The problem starts with the word backbend itself. Language matters, and imagery matters even more. When students hear “backbend,” many unconsciously imagine bending the body in half from the back, collapsing into the spine and pushing as far as possible into extension. That image encourages effort in exactly the wrong place.
From an anatomy perspective, backbends are really about spinal extension. While it might be more accurate to say, “Let’s work on spinal extension,” backbend sounds far more enticing, so the term is here to stay. That makes it even more important to understand what we’re actually asking the body to do.

A Quick Tour of the Spine
The spine has four curves:
- Cervical (neck) – curves inward
- Thoracic (upper back) – curves outward
- Lumbar (lower back) – curves inward
- Sacral (pelvis) – curves outward and is largely fixed
The cervical and lumbar curves are mirror images. They are designed to move, capable of both flexion and extension. The other two curves are far more limited. The sacrum is fused, and the thoracic spine—designed to protect the heart and lungs—has very little extension.
This matters because in yoga backbends, most of the visible bending comes from the lumbar spine, with some help from the neck. The thoracic spine, despite our best cueing, simply doesn’t extend very much.
Where Things Go Wrong
If backbending were just about pushing the back of the body into more extension, we’d be in trouble—and many people are. Without good core tone, especially in the abdominal wall, the lumbar vertebrae are free to collapse toward one another. Instead of space, we get compression.
This is where the sit-up comparison helps.

In a sit-up, rectus abdominis shortens, drawing the rib cage toward the pelvis. That shortening doesn’t just move you forward—it controls spinal movement. Without it, the motion becomes sloppy or injurious.
Backbends work the same way, just oriented differently. For the back of the body to extend rather than collapse, the front of the body must actively shorten. The abs don’t exist to stop backbends; they regulate them, preventing excessive extension in the vulnerable lumbar spine.
When the abs fail to engage, the spine doesn’t lengthen—it crunches. Joints jam. Sensation increases, but not in a good way.
Why Backbends Are Sit-Ups
Here’s the key idea: extension requires flexion to balance it.
If you imagine initiating a sit-up while in a backbend—subtly drawing the rib cage toward the pelvis—you may notice the lumbar spine feels more spacious, not less. Extension becomes distributed rather than dumped into one small area.
This isn’t meant to be anatomically literal; it’s a teaching image. But it’s a powerful one. Healthy backbending isn’t about letting go in the front of the body—it’s about intelligent engagement.
In poses like wheel (urdhva dhanurasana), students often push harder through the arms and legs while neglecting the belly. Try the opposite. Begin a sit-up from the rib cage and notice the support, lift, and lightness that can appear in the lower back.
Where the Psoas Fits In

No discussion of backbending is complete without the psoas. Often mislabeled as just a hip flexor, the psoas connects the inner thigh to the lumbar spine and sits at the crossroads of the legs, pelvis, and spine.
When the psoas is tight or dominant, it tends to pull the lumbar spine into excessive extension. In backbends, this shows up as the familiar hinge in the lower back: lots of sensation, very little space.
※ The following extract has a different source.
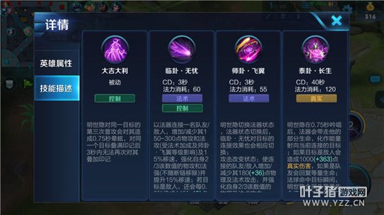 被动技能——大吉大利:被动技能是明世隐强力控制的重要保证,在任何时期都能通过近距离普攻控制住敌人,为队友或创造良好的输出环境。不过要注意,晕眩控制存在冷却时间。

This is where abdominal engagement becomes essential. When the rectus abdominis engages intelligently, it gives the psoas something to work against. Instead of cranking the spine into extension, the psoas can help organize the hip–spine relationship more evenly. The pelvis stabilizes, the lumbar curve distributes, and the backbend becomes more whole-body.
The abs and psoas aren’t enemies—they’re partners. When the abs disengage, the psoas often overworks. When the abs engage well, the psoas can soften or at least stop dominating the movement. This is why many people feel relief when they stop trying to “relax the belly” in backbends.
Backbending as Core Organization
Seen this way, backbends aren’t really about bending at all. They’re expressions of core organization under load. They ask the front of the body to shorten intelligently, the back of the body to lengthen with support, and the psoas to cooperate rather than hijack the movement.
Thinking of backbends as sit-ups isn’t just clever—it’s practical. It reduces lumbar compression and creates backbends that feel expansive instead of aggressive.
If your goal is longevity rather than acrobatics, this distinction matters. A lot.